------ Information provided

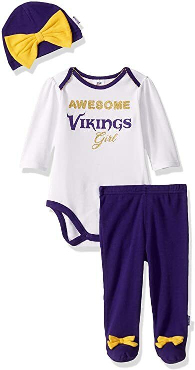NFL Minnesota Vikings Girls 3 Pack Bodysuit Footed Pant & Cap Set 3-6 Month
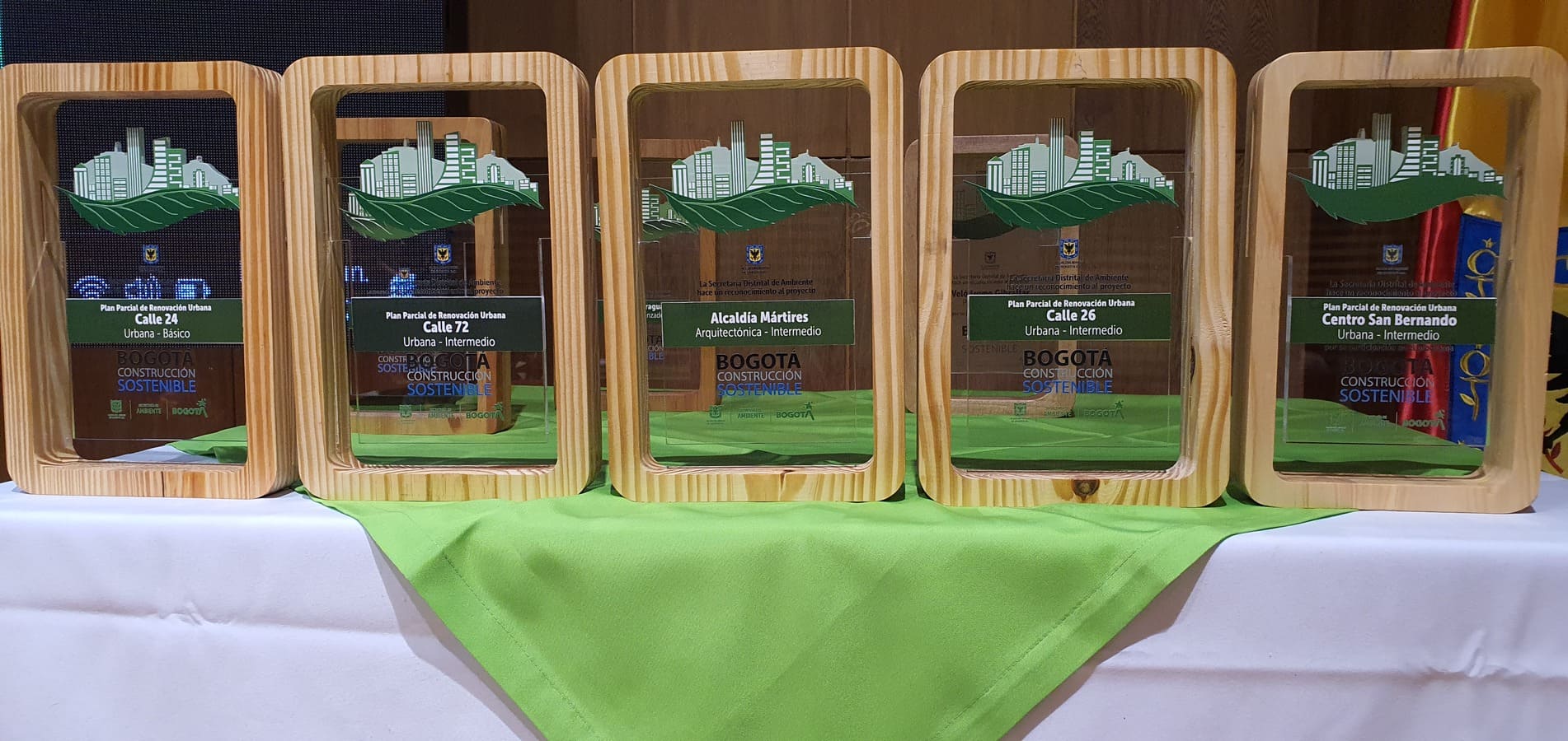 Bogotá. D.C., 16 de noviembre de 2023. RenoBo, Empresa de Renovación y Desarrollo Urbano de Bogotá, fue galardonada con  cinco premios otorgados por el Programa ´Bogotá Construcción Sostenible´ (BCS) de la Secretaría de Ambiente por proyectar e implementar estrategias de ecourbanismo y construcción sostenible en el mismo número de proyectos de renovación urbana.
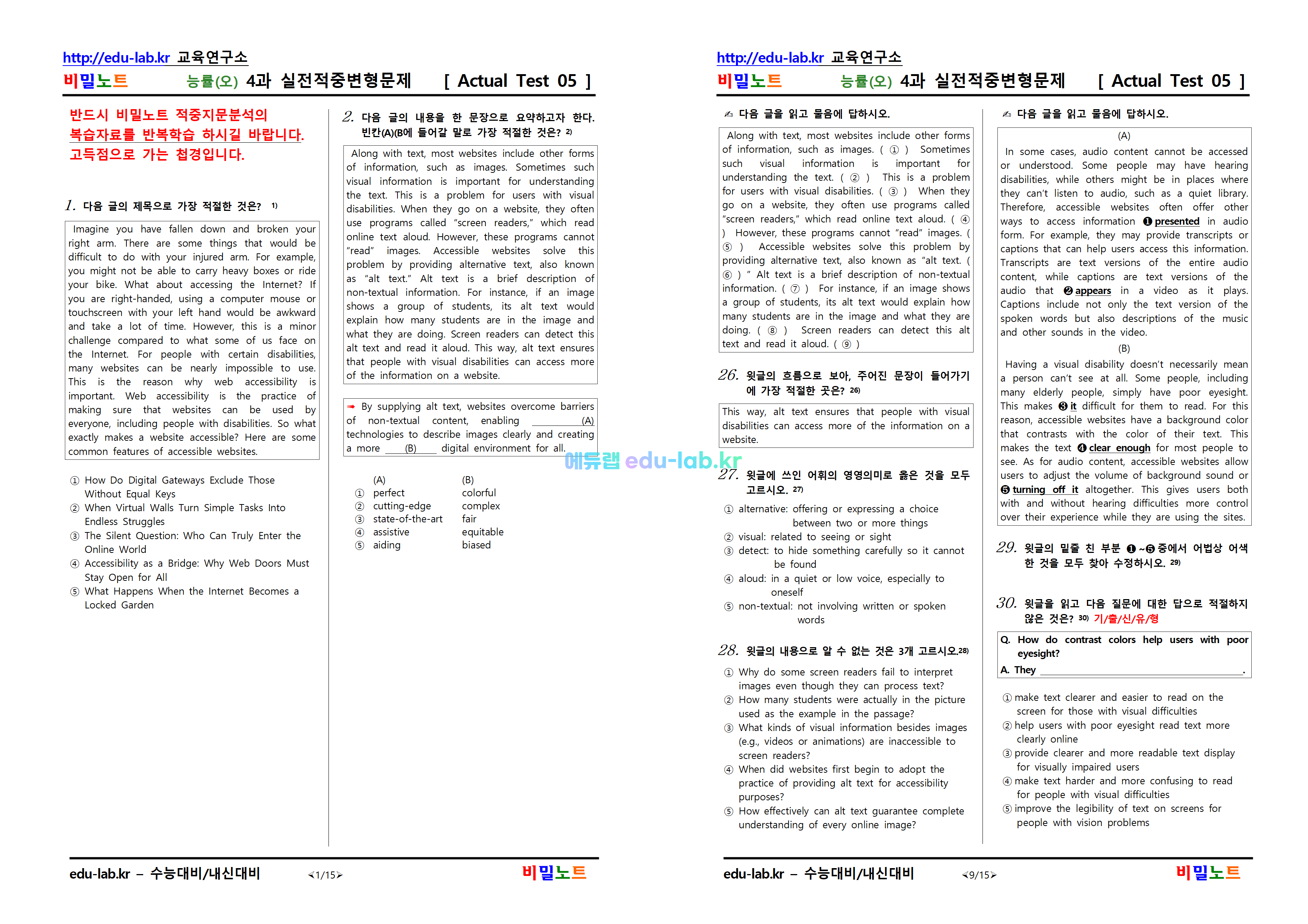 자료설명[비밀노트_에듀랩(edu-lab.kr)] 2025년 공통영어2 능률(오)_4과_실전적중변형문제_5차(프리패스=정회원전용자료)누적243문제
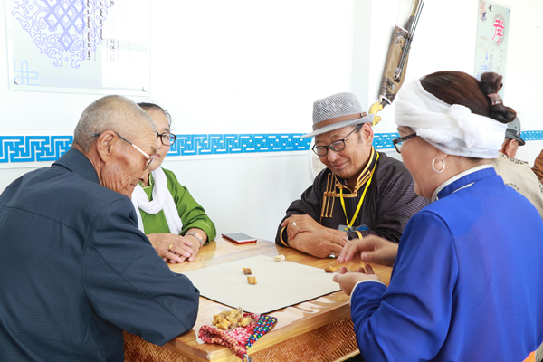 在錫林浩特市愛(ài)祺樂(lè)牧民養(yǎng)老園區(qū),記者看到了這樣的畫面:身著鮮艷蒙古族服裝的老人們,三五成群聚在一起,唱歌、跳舞、練書(shū)法、玩沙嘎、縫制民族服飾……生活豐富多彩!當(dāng)天正值園區(qū)開(kāi)那達(dá)慕,跟草原上的那達(dá)慕大會(huì)不同,這里是專門為園區(qū)的老人而開(kāi)。“老人們歲數(shù)大了,不能出遠(yuǎn)門去看那達(dá)慕,我們就專門為他們辦了一個(gè),腿腳不好的老人也能看。”錫林浩特市巴彥查干街道黨工委書(shū)記額爾德木圖說(shuō)。

------------

*Work to be completed*
Copy only the lines running from the one that holds "자료설명[비밀노트_에듀랩(edu-lab.kr)] 2025년 공통영어2" through the last line of the data, and include both of those lines. Do not copy any pictures.

*Exercise solution*
 자료설명[비밀노트_에듀랩(edu-lab.kr)] 2025년 공통영어2 능률(오)_4과_실전적중변형문제_5차(프리패스=정회원전용자료)누적243문제
 在錫林浩特市愛(ài)祺樂(lè)牧民養(yǎng)老園區(qū),記者看到了這樣的畫面:身著鮮艷蒙古族服裝的老人們,三五成群聚在一起,唱歌、跳舞、練書(shū)法、玩沙嘎、縫制民族服飾……生活豐富多彩!當(dāng)天正值園區(qū)開(kāi)那達(dá)慕,跟草原上的那達(dá)慕大會(huì)不同,這里是專門為園區(qū)的老人而開(kāi)。“老人們歲數(shù)大了,不能出遠(yuǎn)門去看那達(dá)慕,我們就專門為他們辦了一個(gè),腿腳不好的老人也能看。”錫林浩特市巴彥查干街道黨工委書(shū)記額爾德木圖說(shuō)。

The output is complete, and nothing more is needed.